---- Collected data

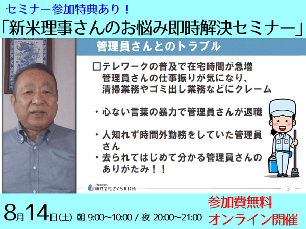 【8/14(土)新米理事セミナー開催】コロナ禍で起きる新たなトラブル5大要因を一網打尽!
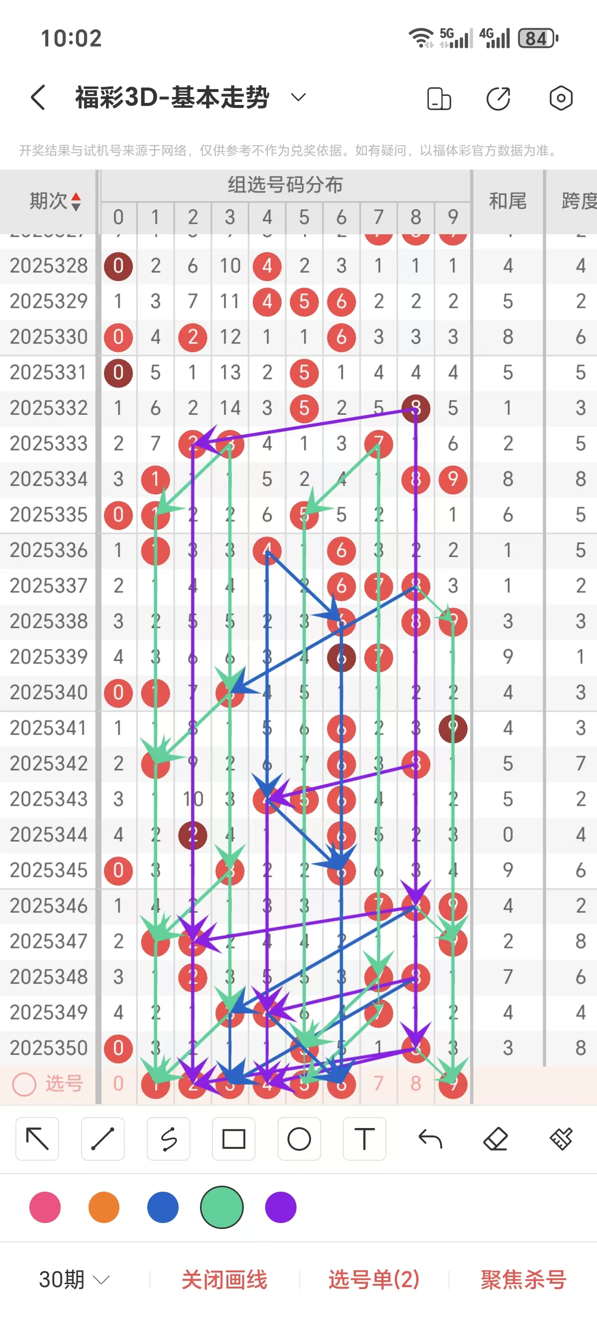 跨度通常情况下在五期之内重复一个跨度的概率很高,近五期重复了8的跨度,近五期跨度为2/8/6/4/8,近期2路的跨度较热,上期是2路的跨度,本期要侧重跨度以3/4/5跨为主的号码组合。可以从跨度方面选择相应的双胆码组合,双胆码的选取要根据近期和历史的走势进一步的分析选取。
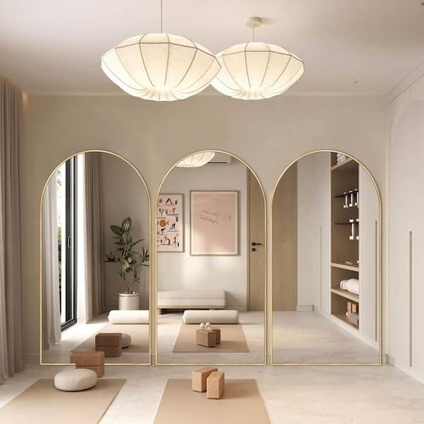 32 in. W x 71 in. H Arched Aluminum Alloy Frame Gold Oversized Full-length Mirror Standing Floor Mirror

--------

### Work order
Please repeat each line above exactly as it appears, but omit the pictures.

### Result of this exercise
 【8/14(土)新米理事セミナー開催】コロナ禍で起きる新たなトラブル5大要因を一網打尽!
 跨度通常情况下在五期之内重复一个跨度的概率很高,近五期重复了8的跨度,近五期跨度为2/8/6/4/8,近期2路的跨度较热,上期是2路的跨度,本期要侧重跨度以3/4/5跨为主的号码组合。可以从跨度方面选择相应的双胆码组合,双胆码的选取要根据近期和历史的走势进一步的分析选取。
 32 in. W x 71 in. H Arched Aluminum Alloy Frame Gold Oversized Full-length Mirror Standing Floor Mirror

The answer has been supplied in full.